Kinetic Theory : Molecular Speeds

From the value of the molecular translational kinetic energy, ½MG², which is the same for all gases and equal (very approximately) to 34 x 10⁹ ergs at 0°, we can calculate the squares of the molecular speeds, G², by division by the molecular weight in grams, M, and multiplication by 2:

Thus, for oxygen, M = 32;.G² = 34 x 10⁹ x 2/32; the mean square speed G at 0° C = 46,000 cm. per sec., or 460 m. per sec. The mean speed, Ω, is G multiplied by 0.921, i.e., 425 m. per sec. In the case of hydrogen, the mean speed at 0° is 1694 m. per sec.

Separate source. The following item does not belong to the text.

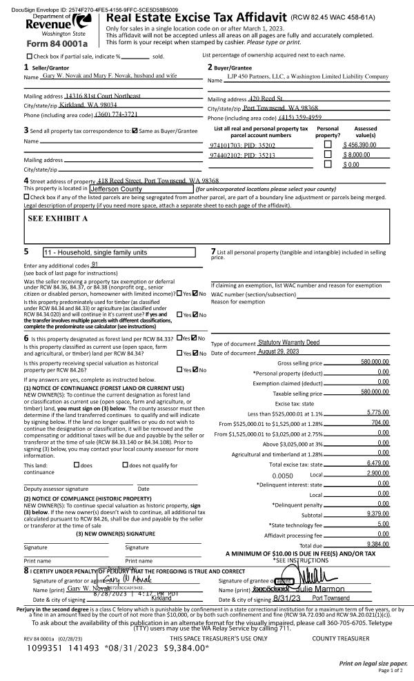| Mailing Address: | 180 COMBS ST PORT TOWNSEND, WA 98368-9626 | % Ownership: | 100.0000000000% |

Mean Molecular Speed, Ω, at 0° in Metres per Second

(Velocities of sound in the gases are given in brackets.)

Hydrogen, 1694 (1286).
Helium, 1208.
Steam, 565 (401).
Nitrogen, 455 (337).
Oxygen, 425 (317).
Carbon dioxide, 362 (257).
Chlorine, 288 (206).
Mercury vapour, 170.

The speed of steam molecules (M = 18) is greater than that of oxygen molecules (M = 32); the speeds of hydrogen and helium are large relatively to those of the other gases. A speed of 1700 m. per sec. is 5500 ft. per sec., or more than a mile per sec., i.e., of the order of speed of a rifle bullet. Owing to these high speeds the kinetic energies of the minute fragments of matter which the molecules represent are high, and the pressure due to the molecular shower is thus explained. It is also seen that the molecular speeds are of the same order as, but greater than, the velocities of sound, u, in the gases. The formulae p = ⅓DG² and u = √(γp/D), where γ = c_p/c_v, give u = √(⅓)γ) * G.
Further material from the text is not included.